I'm probably of the very last ever generation of humans for whom the Universal classics were the first experience of horror. Not that I was alive in 1931, but these movies were so powerful and iconic that they were the default definition of "horror movie" all the way into the 1970s. Karloff, Lugosi and the Chaneys were still the faces of horror, plastered in the pages of every monster magazine or comic book and the staple food of midnight movies and creature features back when I was a brat. In fact I actually had this (mine came with the glow in the dark bits!).
And for me Dracula was the first of the big three (Frankenstein Dracula Wolfman); I vaguely remember seeing it somewhere, somehow, when I was short enough to worry it might be scary. Ha no. By then this thing couldn't scare a rabbit. Hell Dracula doesn't even wear Dracula teeth in it. But I had seen a horror movie, and I liked it.
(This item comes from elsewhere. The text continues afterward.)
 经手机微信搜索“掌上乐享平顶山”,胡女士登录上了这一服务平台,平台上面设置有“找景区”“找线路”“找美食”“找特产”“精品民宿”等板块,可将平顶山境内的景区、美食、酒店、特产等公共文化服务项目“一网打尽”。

But nowadays we can see Draculas in colour and full
of bloody naked chicks, computerised monsters and cuss words.
Can this old thing still even sit at the big
people table?
Yeah kind of.
Bela is still the greatest Dracula, and wild eyed Dwight Frye the greatest Renfield. They sure don't lock his cell good. And while I hate to grade on a curve, these movies invented horror as popular genre, their Gothic influence echoing through Hammer, A.I., Amicus, and thus all the way down to whatever fucked up thing you just saw on Netflix. For me that does actually make them more enjoyable to watch. That carriage rattling through the storm isn't just the opening scene of the movie, it's the opening scene of horror, the very "Call me Ishmael" of our sick obsession. Gives me a chill.
And the movie itself is still a decent watch. There's an eerie quiet to it. The last time I saw it I felt something strange during the scene where Dracula is looming over a victim's bed as she sleeps. At first I couldn't place it but then I realised, no music. He's just hovering there silently. Directors back then didn't yet feel the need to drench every scene in muzak, which is odd considering they were barely out of the silent film era when an orchestra played through the entire thing. I guess they figured hey these are talkies so people can actually just listen to what's happening. Modern filmmakers for god's sake please take note.
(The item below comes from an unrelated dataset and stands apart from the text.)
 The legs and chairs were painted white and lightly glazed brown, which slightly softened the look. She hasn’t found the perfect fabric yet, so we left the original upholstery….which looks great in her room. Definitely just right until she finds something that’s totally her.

A lot of film buff types claim Frankenstein is a better movie, and yeah maybe it tells a more complex story, but I'm a Dracula man when it comes to the Universal classics. It's more a horror movie. More skulls, cobwebbed castles, howling wolves, bats, rats, coffins, that sort of thing. And um, armadillos. Even a glimpse of the rare Transylvanian North American possum.
There is however one big braying negative. The aforementioned sparse eerie quiet is only in effect when van Helsing shuts it, which he almost never does. Movie's called Dracula but the parts that aren't van Helsing talking are few and far between. Sonofabitch hogs most of it in what almost amounts to a filibuster, delivering a constant stream of expository dictation and scolding Dracula with much sanctimonious rolling of r's. Kind of reminds me why I don't watch many really old movies.
But Bela Lugosi's quiet dignity makes van Helsing look
like the self-righteous clown
he is - a lesson not lost
on my beady young mind. Horror 101 passed.